DATA SUPPLIED Start Marker
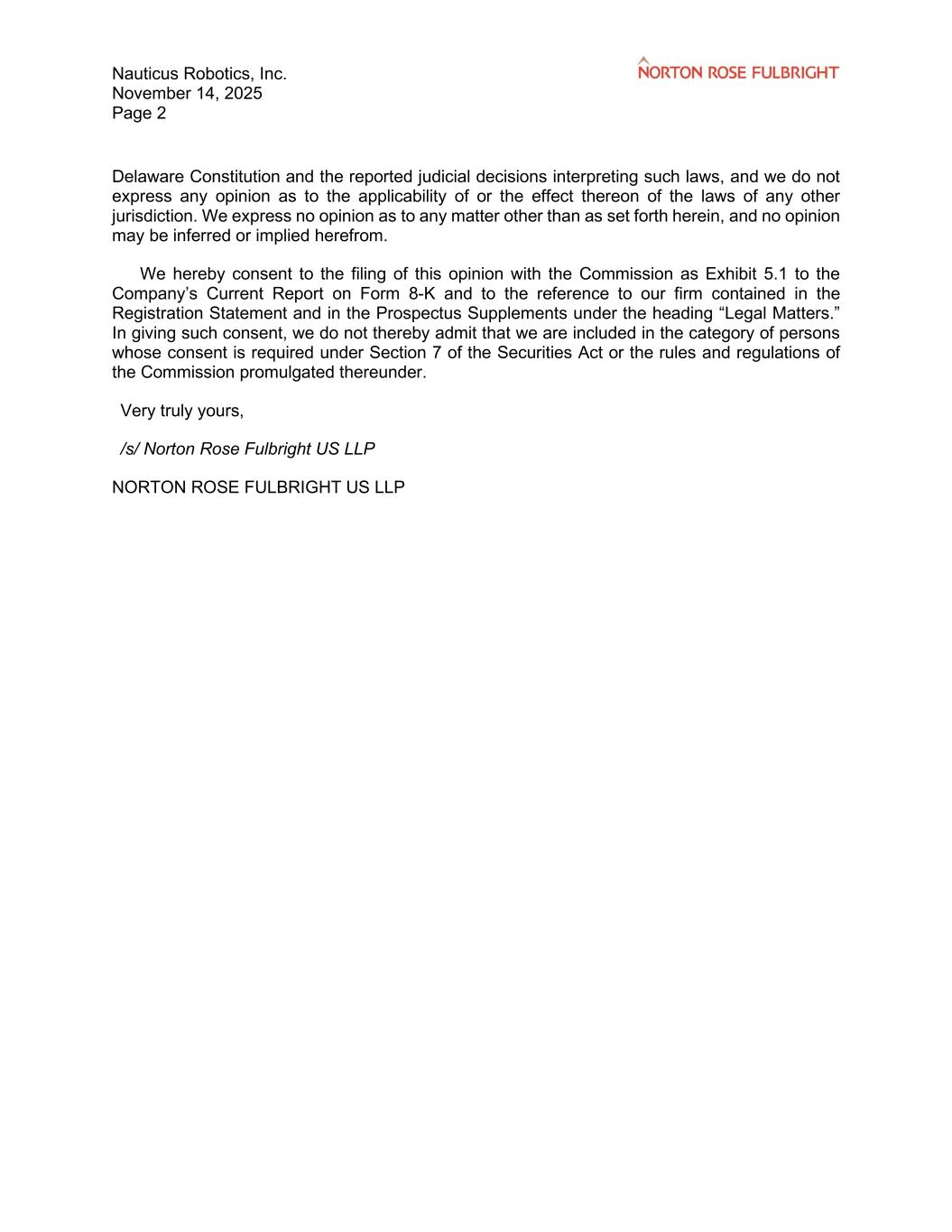 Nauticus Robotics, Inc. November 14, 2025 Page 2 Delaware Constitution and the reported judicial decisions interpreting such laws, and we do not express any opinion as to the applicability of or the effect thereon of the laws of any other jurisdiction. We express no opinion as to any matter other than as set forth herein, and no opinion may be inferred or implied herefrom. We hereby consent to the filing of this opinion with the Commission as Exhibit 5.1 to the Company’s Current Report on Form 8-K and to the reference to our firm contained in the Registration Statement and in the Prospectus Supplements under the heading “Legal Matters.” In giving such consent, we do not thereby admit that we are included in the category of persons whose consent is required under Section 7 of the Securities Act or the rules and regulations of the Commission promulgated thereunder. Very truly yours, /s/ Norton Rose Fulbright US LLP NORTON ROSE FULBRIGHT US LLP
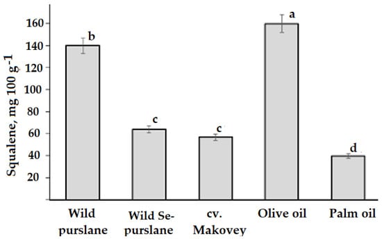 Both squalene and phytosterols participate in plant growth and adaptation to environmental stresses, providing a powerful antioxidant defense [65]. Squalene is a strong antioxidant, antitumor agent and a natural antibiotic with high prospects for utilization in human nutrition, cosmetics and medicine [66]. The present results showed squalene levels in purslane seed oil of 57–140 mg 100 g−1 (Figure 5). These values are much higher than those described for purslane leaves and stems (0.115 mg 100 g−1) [67]. Other natural sources of squalene include olive oil (150–170 mg 100 g−1) [68], palm oil (25–54 mg 100 g−1) [69], and amaranth oil (6000–8000 mg 100 g−1) [70].
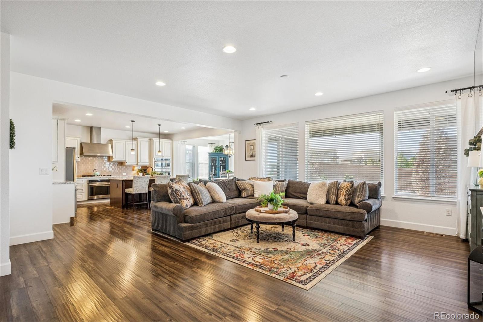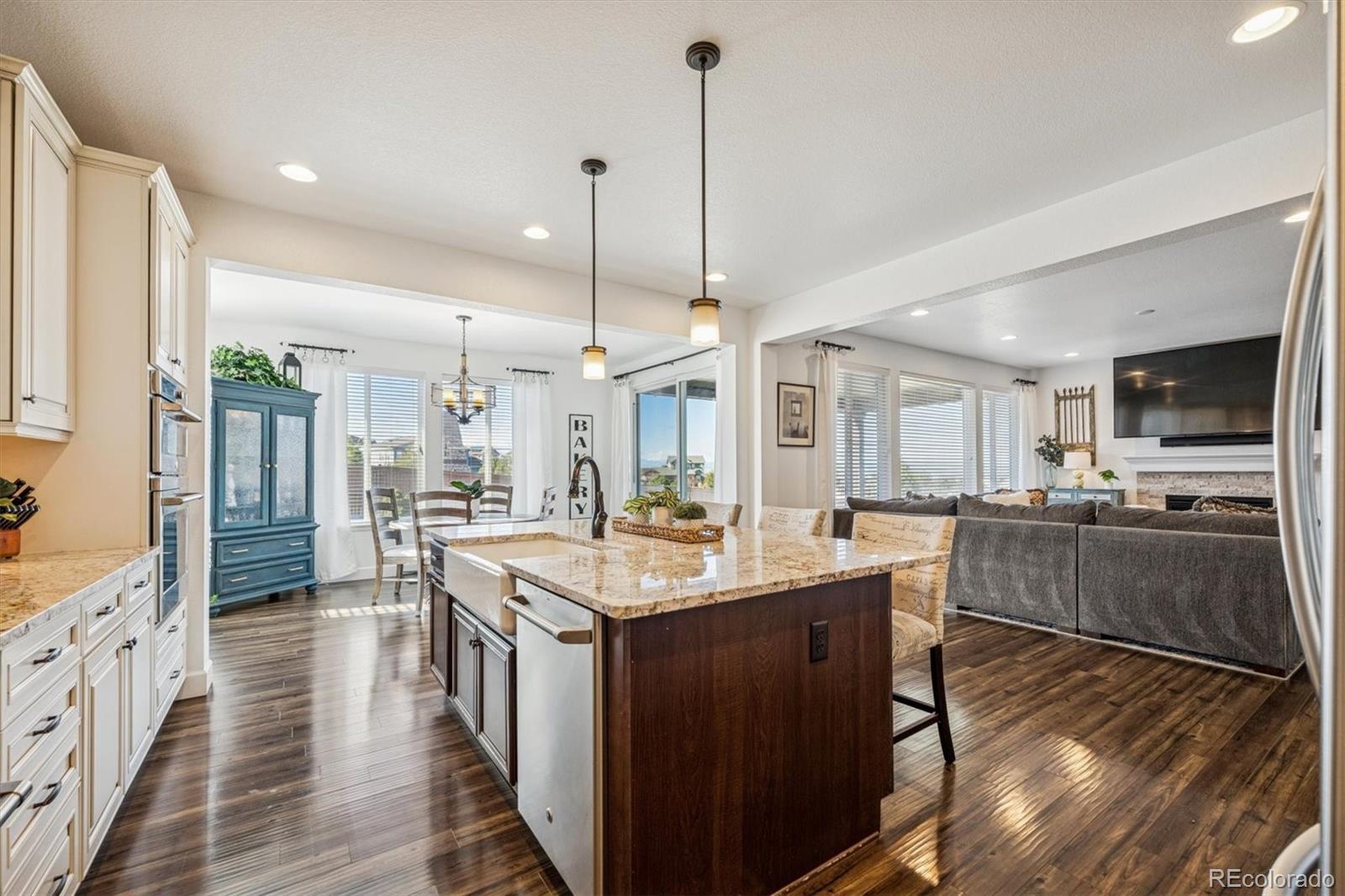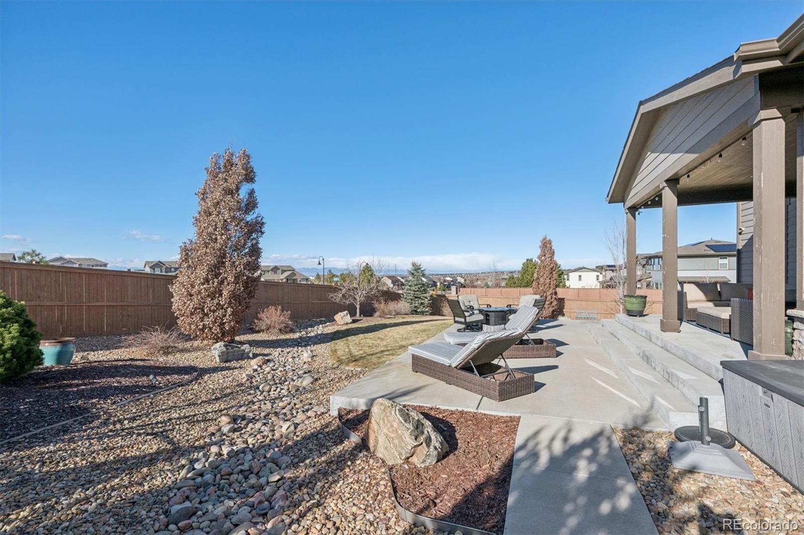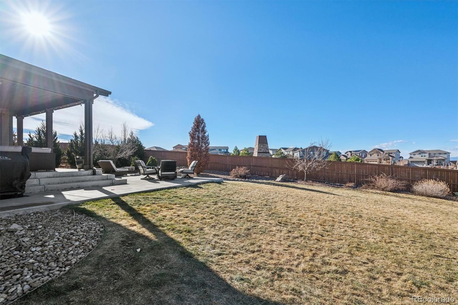 Back Active- Buyers Got Cold Feet- Stunning Shea home on an oversized lot with unobstructed Rocky Mountain views! A bright foyer with dramatic two-story ceilings sets the tone, complemented by gleaming floors throughout the main level. The open-concept kitchen is a showstopper, featuring rich cabinetry, granite countertops, an oversized island with seating, and a massive walk-in pantry. Flowing seamlessly into the great room, the layout is ideal for both everyday living and entertaining. The sunny dining area overlooks the private backyard, while the extended, partially covered patio invites year-round outdoor enjoyment and unforgettable mountain sunsets. A bonus room on the main level can easily be used as a 2nd office, hobby room, formal living or dining room. The home’s thoughtful placement on the lot offers exceptional privacy from surrounding homes. Upstairs, the expansive primary suite is a peaceful retreat with a spa-inspired five-piece bath and walk-in closet. A second bedroom with its own full bath is perfect for guests or multi-generational living, while two additional bedrooms share a Jack-and-Jill bath. The open basement provides abundant storage or the opportunity to create future living space. Prime location close to E-470, Southlands Mall, dining, and shopping—this home delivers the best of Colorado living.
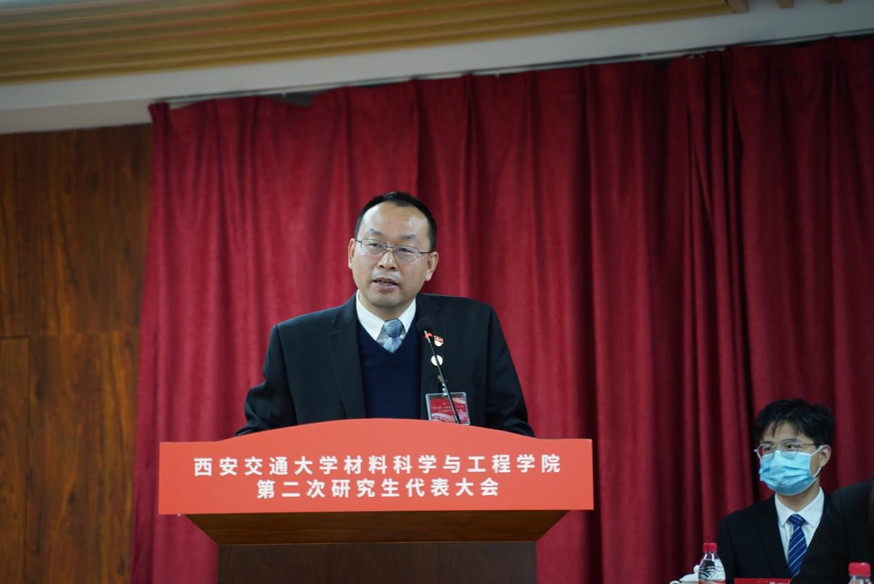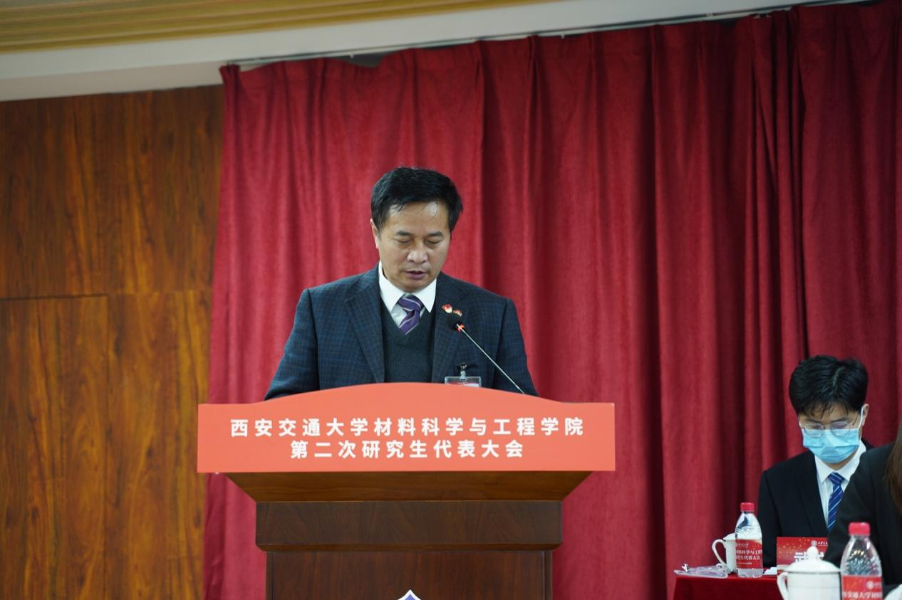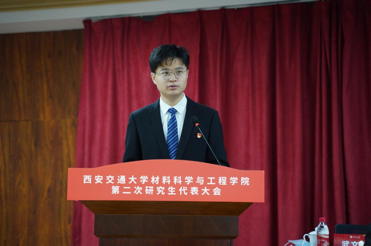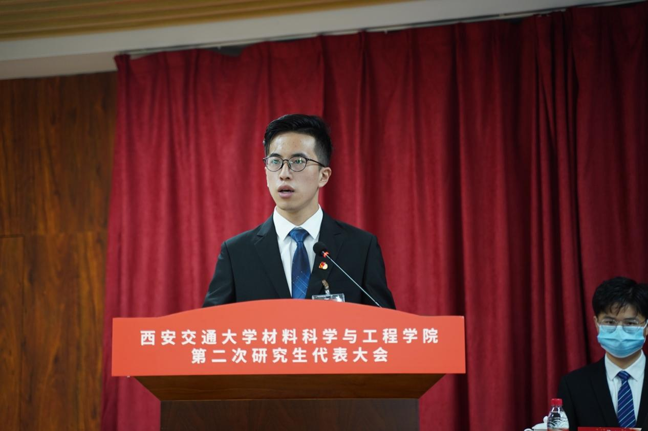 潘希德书记在致辞中表示,本次大会是在创新港校区召开的第二次研究生代表大会,是材料青年学子政治生活中的一件大事,也是学院凝心聚力开创研究生工作新局面的一次青年盛会,对全院师生落实学校“十四五”发展规划目标、加快一流学科建设具有重要意义。大会不仅为同学们提供了提出有利于学院发展、有利于研究生成长的建议的机会,更能统一大家的思想,将更多的力量凝聚到 牵手
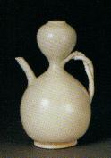 辽晚期 林东窑 白釉葫芦形把壶。葫芦形把壶是辽代晚期的流行形式。本品泰釉均极佳,可能是上京临潢府故城窑的产品。该窑生长上佳的白釉和黑釉两种。
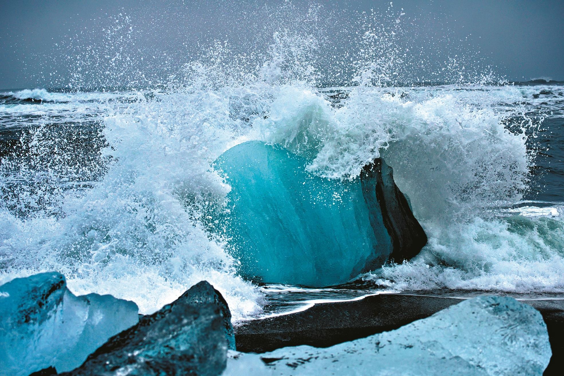 2017年1月27日,冰岛,海浪拍打着亚北极海岸边一个大块冰体。
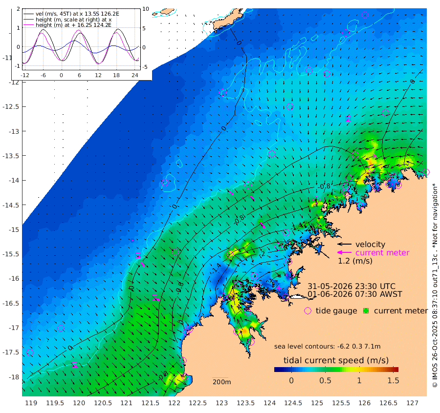 36cm/s 130T +10cm/s rms + 1cm/s 1T. NWSBRW 205m 34cm/s 143T +11cm/s rms + 6cm/s -110T. NWSROW 199m 66cm/s 143T +5cm/s rms + 2cm/s 65T. CAM050 58m 52cm/s 142T +12cm/s rms + 5cm/s 92T. CAM100 99m 10cm/s 132T +7cm/s rms + 1cm/s -85T. KIM400 396m 21cm/s 132T +9cm/s rms + 5cm/s -119T. KIM200 208m 42cm/s 139T +11cm/s rms + 5cm/s -147T. KIM100 99m 49cm/s 125T +8cm/s rms + 3cm/s -103T. KIM050 59m 22cm/s -148T +4cm/s rms + 2cm/s 23T. TIMORS88 91m -64cm Imperieuse Reef 25cm Mermaid Reef -51cm Broome -15cm Cape Baskerville -84cm Red Bluff -24cm Cape Boileau 23cm Scott Reef (WA) 8cm Ashmore Reef -172cm Karrakatta Bay -183cm Sunday Island -276cm Valentine Island -267cm Derby -262cm Port Usborne -160cm Bedford Islands -179cm Yampi Sound (Koolan Island) -180cm Macleay Island -72cm Adele Island 55cm Browse Island -260cm Shale Island -259cm Lizard Island -224cm Hall Point -118cm Degerando Island -80cm White Island 15cm Skua No. 4 Well -11cm Jabiru -26cm Maret Island -8cm Baudin Island -14cm Cape Voltaire (Krait Bay) 4cm Dillon Shoal 57cm Laminaria -41cm Port Warrender 24cm Troughton Island 5cm Cassini Island 22cm West Holothuria Reef Offshore 17cm Jar Island -18cm Lynher Bank 6cm Heywood Shoal 14cm Pee Shoal 33cm Van Cloon Shoal 60cm Carronade Island 66cm Guy Point 62cm Napier Broome Bay 120cm Lesueur Island
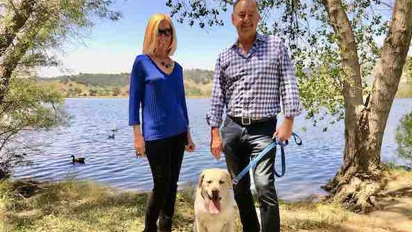 An adventure-loving couple is standing alongside a serene lake as radiant sunlight gently wraps around them. At their side, their faithful golden retriever eagerly awaits the possibility of a shared experience, with his intelligent eyes gleaming with anticipation. It is indeed the perfect day for dog-friendly excursions and bonding moments under nature’s blue expanse. – Dogtrekker
DATA SUPPLIED End Marker
■ WHAT YOU SHOULD DO ■
Your task is an exact printout of the records above, with no pictures.

■ TASK OUTPUT ■
 Nauticus Robotics, Inc. November 14, 2025 Page 2 Delaware Constitution and the reported judicial decisions interpreting such laws, and we do not express any opinion as to the applicability of or the effect thereon of the laws of any other jurisdiction. We express no opinion as to any matter other than as set forth herein, and no opinion may be inferred or implied herefrom. We hereby consent to the filing of this opinion with the Commission as Exhibit 5.1 to the Company’s Current Report on Form 8-K and to the reference to our firm contained in the Registration Statement and in the Prospectus Supplements under the heading “Legal Matters.” In giving such consent, we do not thereby admit that we are included in the category of persons whose consent is required under Section 7 of the Securities Act or the rules and regulations of the Commission promulgated thereunder. Very truly yours, /s/ Norton Rose Fulbright US LLP NORTON ROSE FULBRIGHT US LLP
 Both squalene and phytosterols participate in plant growth and adaptation to environmental stresses, providing a powerful antioxidant defense [65]. Squalene is a strong antioxidant, antitumor agent and a natural antibiotic with high prospects for utilization in human nutrition, cosmetics and medicine [66]. The present results showed squalene levels in purslane seed oil of 57–140 mg 100 g−1 (Figure 5). These values are much higher than those described for purslane leaves and stems (0.115 mg 100 g−1) [67]. Other natural sources of squalene include olive oil (150–170 mg 100 g−1) [68], palm oil (25–54 mg 100 g−1) [69], and amaranth oil (6000–8000 mg 100 g−1) [70].
 Back Active- Buyers Got Cold Feet- Stunning Shea home on an oversized lot with unobstructed Rocky Mountain views! A bright foyer with dramatic two-story ceilings sets the tone, complemented by gleaming floors throughout the main level. The open-concept kitchen is a showstopper, featuring rich cabinetry, granite countertops, an oversized island with seating, and a massive walk-in pantry. Flowing seamlessly into the great room, the layout is ideal for both everyday living and entertaining. The sunny dining area overlooks the private backyard, while the extended, partially covered patio invites year-round outdoor enjoyment and unforgettable mountain sunsets. A bonus room on the main level can easily be used as a 2nd office, hobby room, formal living or dining room. The home’s thoughtful placement on the lot offers exceptional privacy from surrounding homes. Upstairs, the expansive primary suite is a peaceful retreat with a spa-inspired five-piece bath and walk-in closet. A second bedroom with its own full bath is perfect for guests or multi-generational living, while two additional bedrooms share a Jack-and-Jill bath. The open basement provides abundant storage or the opportunity to create future living space. Prime location close to E-470, Southlands Mall, dining, and shopping—this home delivers the best of Colorado living.
 潘希德书记在致辞中表示,本次大会是在创新港校区召开的第二次研究生代表大会,是材料青年学子政治生活中的一件大事,也是学院凝心聚力开创研究生工作新局面的一次青年盛会,对全院师生落实学校“十四五”发展规划目标、加快一流学科建设具有重要意义。大会不仅为同学们提供了提出有利于学院发展、有利于研究生成长的建议的机会,更能统一大家的思想,将更多的力量凝聚到 牵手
 辽晚期 林东窑 白釉葫芦形把壶。葫芦形把壶是辽代晚期的流行形式。本品泰釉均极佳,可能是上京临潢府故城窑的产品。该窑生长上佳的白釉和黑釉两种。
 2017年1月27日,冰岛,海浪拍打着亚北极海岸边一个大块冰体。
 36cm/s 130T +10cm/s rms + 1cm/s 1T. NWSBRW 205m 34cm/s 143T +11cm/s rms + 6cm/s -110T. NWSROW 199m 66cm/s 143T +5cm/s rms + 2cm/s 65T. CAM050 58m 52cm/s 142T +12cm/s rms + 5cm/s 92T. CAM100 99m 10cm/s 132T +7cm/s rms + 1cm/s -85T. KIM400 396m 21cm/s 132T +9cm/s rms + 5cm/s -119T. KIM200 208m 42cm/s 139T +11cm/s rms + 5cm/s -147T. KIM100 99m 49cm/s 125T +8cm/s rms + 3cm/s -103T. KIM050 59m 22cm/s -148T +4cm/s rms + 2cm/s 23T. TIMORS88 91m -64cm Imperieuse Reef 25cm Mermaid Reef -51cm Broome -15cm Cape Baskerville -84cm Red Bluff -24cm Cape Boileau 23cm Scott Reef (WA) 8cm Ashmore Reef -172cm Karrakatta Bay -183cm Sunday Island -276cm Valentine Island -267cm Derby -262cm Port Usborne -160cm Bedford Islands -179cm Yampi Sound (Koolan Island) -180cm Macleay Island -72cm Adele Island 55cm Browse Island -260cm Shale Island -259cm Lizard Island -224cm Hall Point -118cm Degerando Island -80cm White Island 15cm Skua No. 4 Well -11cm Jabiru -26cm Maret Island -8cm Baudin Island -14cm Cape Voltaire (Krait Bay) 4cm Dillon Shoal 57cm Laminaria -41cm Port Warrender 24cm Troughton Island 5cm Cassini Island 22cm West Holothuria Reef Offshore 17cm Jar Island -18cm Lynher Bank 6cm Heywood Shoal 14cm Pee Shoal 33cm Van Cloon Shoal 60cm Carronade Island 66cm Guy Point 62cm Napier Broome Bay 120cm Lesueur Island
 An adventure-loving couple is standing alongside a serene lake as radiant sunlight gently wraps around them. At their side, their faithful golden retriever eagerly awaits the possibility of a shared experience, with his intelligent eyes gleaming with anticipation. It is indeed the perfect day for dog-friendly excursions and bonding moments under nature’s blue expanse. – Dogtrekker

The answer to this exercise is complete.